Among the entries that follow, the required portion opens with the line containing "화홍문과 남수문, 그리고" and closes with the line containing "Скло двері задньої". Give that portion again exactly, and nothing else.
*** EXERCISE DATA ***
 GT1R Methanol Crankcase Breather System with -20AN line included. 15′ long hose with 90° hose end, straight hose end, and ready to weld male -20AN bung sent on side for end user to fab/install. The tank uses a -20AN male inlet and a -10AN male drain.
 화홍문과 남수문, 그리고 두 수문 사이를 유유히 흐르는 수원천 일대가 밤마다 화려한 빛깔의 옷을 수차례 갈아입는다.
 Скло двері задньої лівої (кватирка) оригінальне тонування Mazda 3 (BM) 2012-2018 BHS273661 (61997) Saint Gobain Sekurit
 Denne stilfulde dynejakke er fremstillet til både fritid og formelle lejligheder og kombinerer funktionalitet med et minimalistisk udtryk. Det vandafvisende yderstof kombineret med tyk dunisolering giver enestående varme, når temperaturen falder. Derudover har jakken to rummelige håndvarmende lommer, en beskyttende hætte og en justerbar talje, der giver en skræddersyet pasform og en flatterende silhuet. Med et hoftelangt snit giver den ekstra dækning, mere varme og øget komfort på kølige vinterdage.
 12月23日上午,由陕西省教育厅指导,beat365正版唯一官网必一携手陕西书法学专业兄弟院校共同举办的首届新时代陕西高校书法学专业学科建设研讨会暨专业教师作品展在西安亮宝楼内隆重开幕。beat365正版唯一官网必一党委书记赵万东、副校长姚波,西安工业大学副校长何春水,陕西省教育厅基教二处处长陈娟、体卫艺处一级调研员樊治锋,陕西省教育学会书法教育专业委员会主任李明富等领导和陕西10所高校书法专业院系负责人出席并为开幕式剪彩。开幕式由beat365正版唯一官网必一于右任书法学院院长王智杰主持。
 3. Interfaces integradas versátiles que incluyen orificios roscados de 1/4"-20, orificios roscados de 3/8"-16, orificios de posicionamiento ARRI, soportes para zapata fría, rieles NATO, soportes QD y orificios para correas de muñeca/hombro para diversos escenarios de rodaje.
***
*** EXERCISE DATA ***
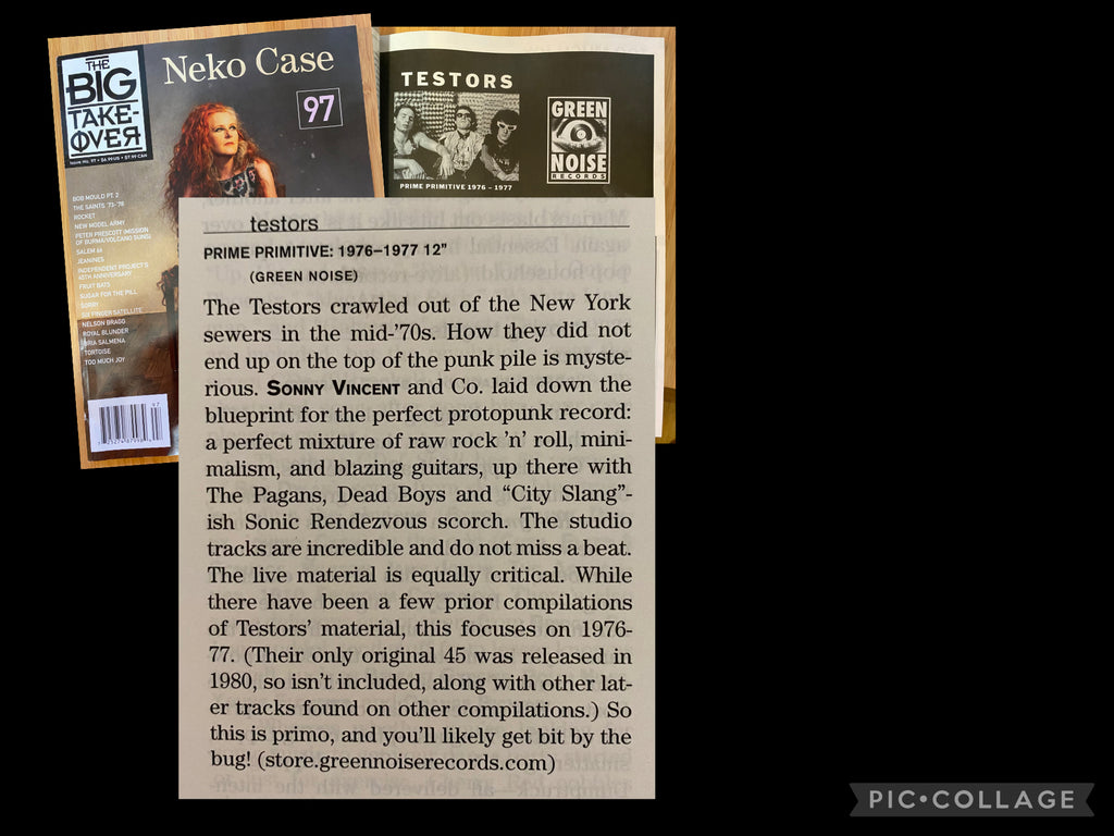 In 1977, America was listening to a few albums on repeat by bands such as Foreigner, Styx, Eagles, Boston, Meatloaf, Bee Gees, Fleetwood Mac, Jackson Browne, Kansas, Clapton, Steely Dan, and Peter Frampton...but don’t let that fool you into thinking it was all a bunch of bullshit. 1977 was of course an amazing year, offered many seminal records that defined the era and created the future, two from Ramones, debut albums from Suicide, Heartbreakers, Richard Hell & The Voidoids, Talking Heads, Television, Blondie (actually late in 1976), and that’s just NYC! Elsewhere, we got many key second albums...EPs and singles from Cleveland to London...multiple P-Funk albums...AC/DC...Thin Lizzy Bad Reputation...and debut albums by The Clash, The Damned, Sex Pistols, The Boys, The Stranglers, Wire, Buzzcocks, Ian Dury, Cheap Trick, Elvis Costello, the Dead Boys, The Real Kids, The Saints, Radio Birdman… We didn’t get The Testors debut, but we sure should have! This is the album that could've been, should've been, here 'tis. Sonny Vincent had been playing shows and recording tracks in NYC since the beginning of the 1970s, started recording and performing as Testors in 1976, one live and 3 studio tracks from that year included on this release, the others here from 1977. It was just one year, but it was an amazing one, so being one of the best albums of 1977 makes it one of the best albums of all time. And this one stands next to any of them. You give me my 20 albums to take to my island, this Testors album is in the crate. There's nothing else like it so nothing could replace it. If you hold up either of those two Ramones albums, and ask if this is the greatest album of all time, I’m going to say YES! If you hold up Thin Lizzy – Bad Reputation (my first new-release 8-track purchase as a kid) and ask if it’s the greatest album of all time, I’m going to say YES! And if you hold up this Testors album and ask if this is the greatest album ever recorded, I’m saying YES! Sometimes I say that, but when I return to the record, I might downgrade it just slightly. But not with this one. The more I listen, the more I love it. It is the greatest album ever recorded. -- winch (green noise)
***
→ **REPLY**
 화홍문과 남수문, 그리고 두 수문 사이를 유유히 흐르는 수원천 일대가 밤마다 화려한 빛깔의 옷을 수차례 갈아입는다.
 Скло двері задньої лівої (кватирка) оригінальне тонування Mazda 3 (BM) 2012-2018 BHS273661 (61997) Saint Gobain Sekurit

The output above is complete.